Spyderisk / domain-network

Network domain model
Apache License 2.0
1 stars 0 forks source link

Bug in data lifecycle control inference #149

Closed mike1813 closed 1 day ago

mike1813 commented 6 days ago

If a Process serves a locally stored copy of a Data asset (i.e., a Data Copy asset), we get a Stored Data Pool asset associated with the Data and Process, and a Process-enablesAccess-StoredDataPool, meaning it controls the data access. See construction pattern PsDSH-DP+DP.

If other Processes access the same Data, we get DataInput or DataOutput assets associated with their data access. The enablesAccess from the serving Process is then propagated (possibly via other DataAccess assets and communication intermediaries) to any DataInput and DataOutput assets by construction patterns DUDA-eS+eA and DADU-eS+eA.

The presence of an enablesAccess relationship thereby specifies that there is a process enabling access to the serialized data. This is used in two ways:

Things get a bit tricky in cases where either (a) there is no explicit Process-serves-Data relationship, or (b) there is no stored copy of the Data. In the former case, the construction sequence looks for a process accessing the stored copy and makes it responsible for enabling access. This covers situations where a Process accesses stored data as input or creates stored data as output, but may also send the data to another (remote) data consumer. In the latter case, the process creating the data is considered responsible for enabling access by any consumer process, since the creator must be sending the data in messages to the consumer, rather than via a stored copy.

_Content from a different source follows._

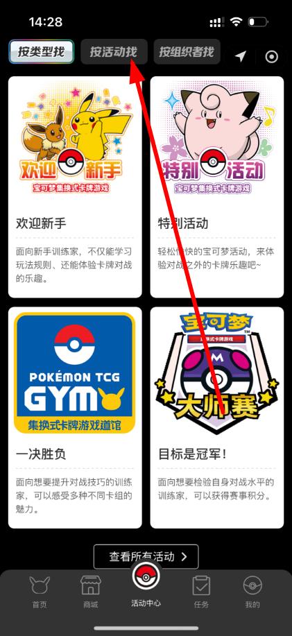 2、在活動(dòng)中心界面,點(diǎn)擊按活動(dòng)找選項(xiàng),切換到按活動(dòng)查找的頁(yè)面。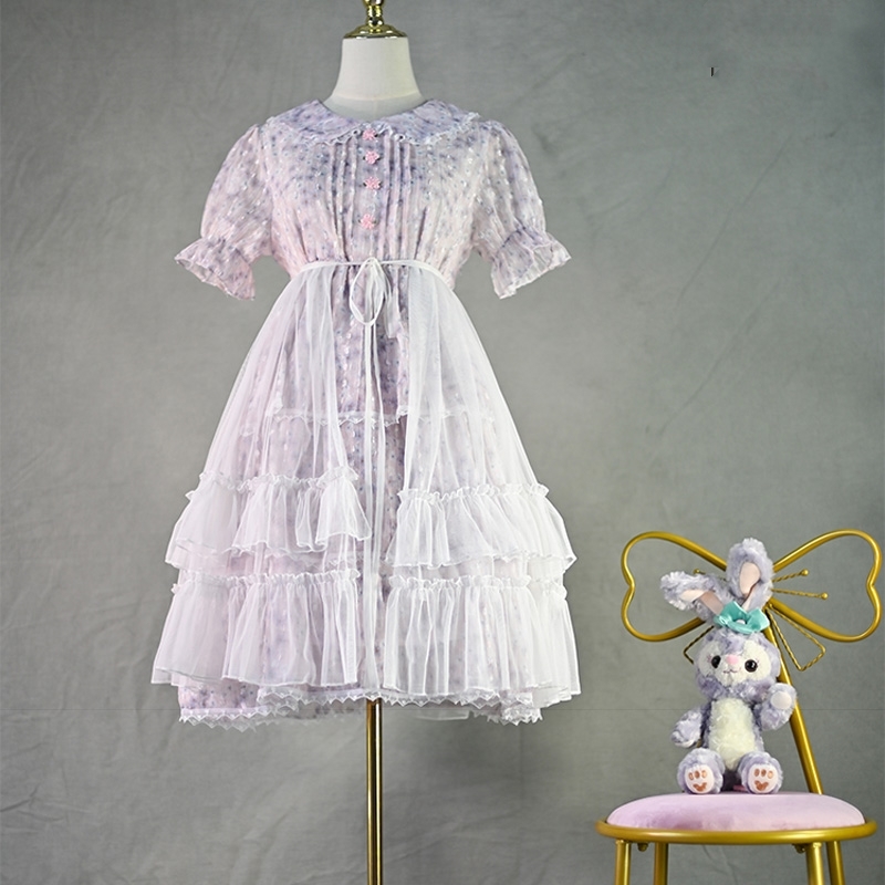 - ロリータ オーバースカート スカートカバー エプロンスカート 丈63cm チュールスカート ボリューム ゴージャス 着回し 2層フリル 高品質

There is a bug in the current sequence whereby no process is inferred to be responsible for enabling access if the only stored copy is used by a Process that uses the data as input, and the data is created by a second process. In this case, the process using data as input is the enabler, since it manages access to the stored copy, and determines whether output from the second process should be stored. However, this combination is not picked up correctly in the current sequence.

mike1813 commented 6 days ago

The problem is in construction pattern DSDPS+DC, which is supposed to create an initial data channel from an output (data source) that is then iteratively extended until a data destination is reached. The matching pattern contains a spurious node, which may not always be present, causing the pattern not to be matched and the associated data channel (and other data channels obtained by iterative extension) to be missed.

Interestingly, the spurious node does not appear in the slide set documenting the construction sequence. It looks like a change was planned but somehow never got implemented.

It is a simple fix to remove the spurious node. The main challenge is to check that the extra channels don't cause problems in cases where the existing channels are sufficient. We have a lot of test cases developed for issues #40, #109, etc., but (a) there are lots of tests covering different (sometimes corner) cases, and (b) there may be corner cases not covered by those tests. It will take time to run the tests, check for (and if necessary fix) any regression issues, and confirm that the tests cover all the required cases.

mike1813 commented 3 days ago

A reasonable number of tests have now been used.

Conclusion. These tests do show that the fix to DSDPS+DC has corrected some errors, and in cases where those errors don't arise, the changes have not altered the outcome. The change should now be merged into branch 6a.

mike1813 commented 1 day ago

Updated on branch 149 and merged into 6a.